The uptick was temporary. As the symptoms of the sickened birds abated, their observers’ immune cells quieted down as well. Love told me she suspects that these little flare-ups might have primed the watchful birds for a possible tussle with the pathogen—perhaps cloaking them in a light layer of armor, akin to a very crude and very ephemeral vaccine.

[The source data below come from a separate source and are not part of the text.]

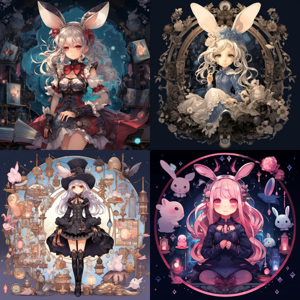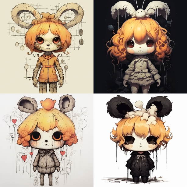 Midjourney Bot 更新时间:2023-08-31 14:302D, rabbit losing trust, rabbit princess, head accounting for 50%, body covered with stitches and patches, incomplete soul, dessert combination, dark fairy tale, Tim Burton style --s 216 --ar 1:1 --style raw --v 5.2
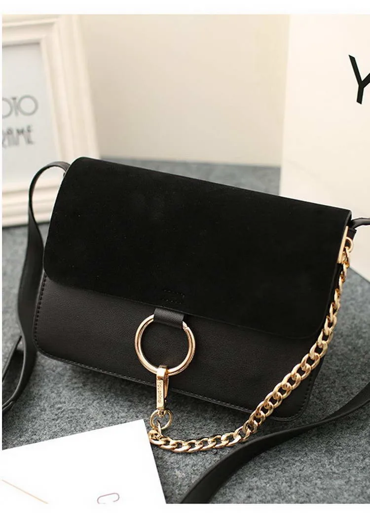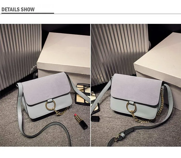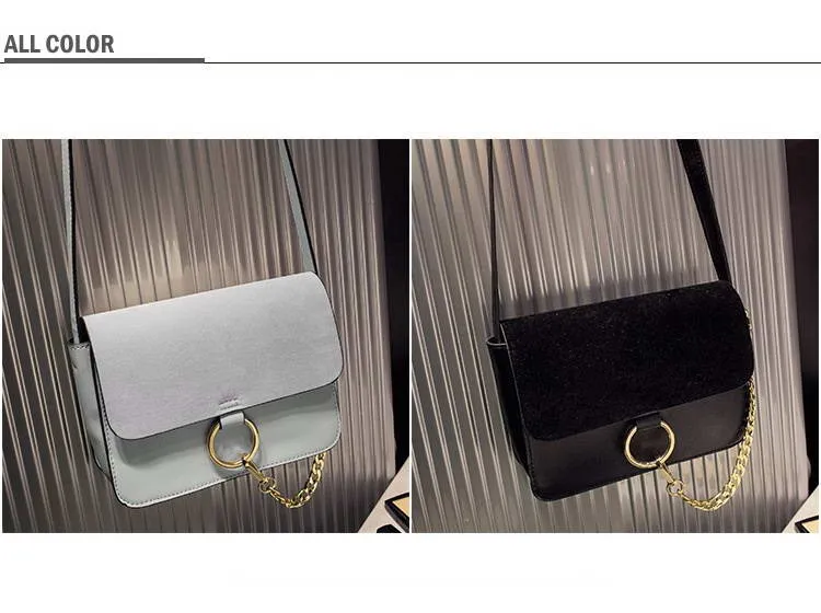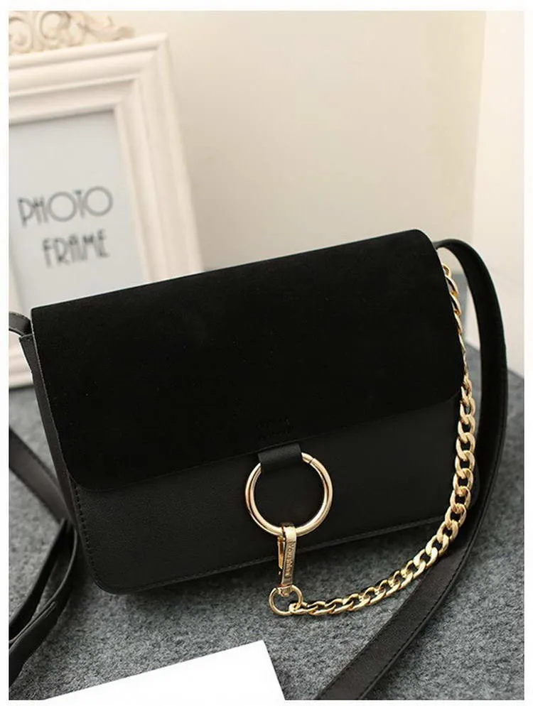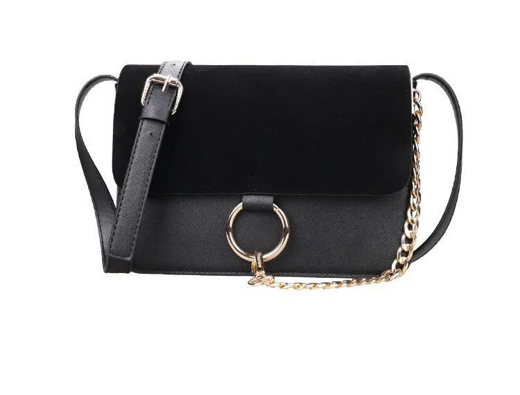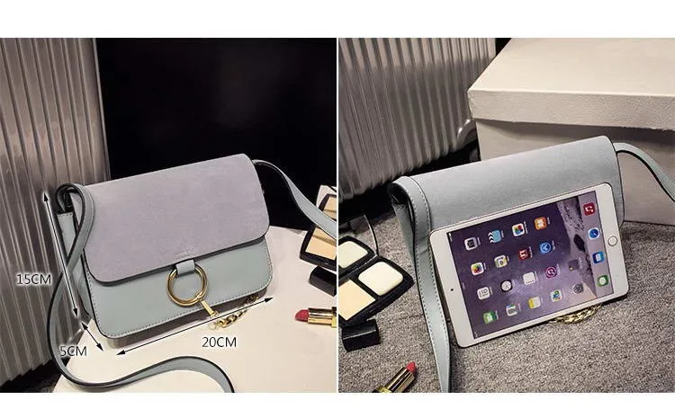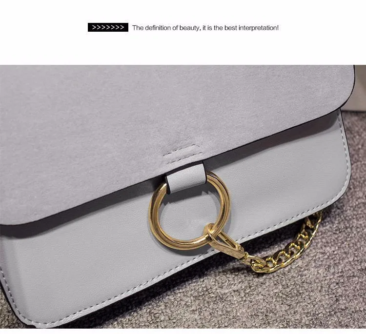 新しい到着金属リングデザイン女性バッグつや消しpuレザー女性のメッセンジャーバッグファッションスタースタイルクロスボディバッグ
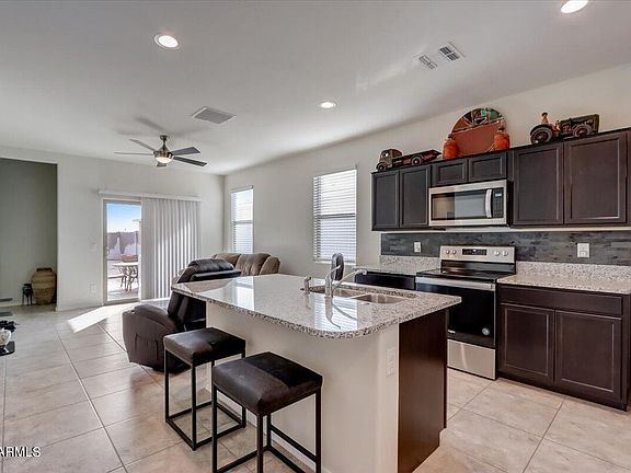 Welcome home to this 3 bed 2 bath 1257sqft Florence home in sought after Magma Ranch! Perfectly located with no neighbors behind, this 2020 home boasts granite countertops, custom backsplash, stainless steel appliances, and a low maintenance backyard. This home is also equipped with smart home technology giving you the ability to control lights, thermostat, front door lock, and the garage door from your phone as well as being pre-wired for security cameras. Schedule your showing today before this home is gone!

To confirm that idea, Love would have needed to expose the onlooker birds to Mycoplasma while their immune systems were still raring to go, an experiment she is working on now. Without those data, “it’s hard to know what this means,” Jesyka Meléndez Rosa, an immunologist at Humboldt State University who wasn’t involved in the study, told me.
The immunological surge did seem driven by the disease cues that the other birds emitted, because samples taken from the canaries who’d peeped on only healthy birds stayed comparatively inert. But what the researchers found could have just been a blip—noticeable, yet not strong enough to alter the trajectory of a subsequent infection. A bystander immune response could even be a net negative for the witness, wasting precious bodily resources or unnecessarily damaging healthy tissues. Heterophils and complement molecules also comprise just a small subset of the immune system’s arsenal, much more of which would be marshaled into quelling a Mycoplasma invasion. Letícia Soares, a disease ecologist at Western University who wasn’t involved in the study, told me she wished she’d been able to see how well the observer birds’ immune responses simulate what happens in infected birds who eventually recover.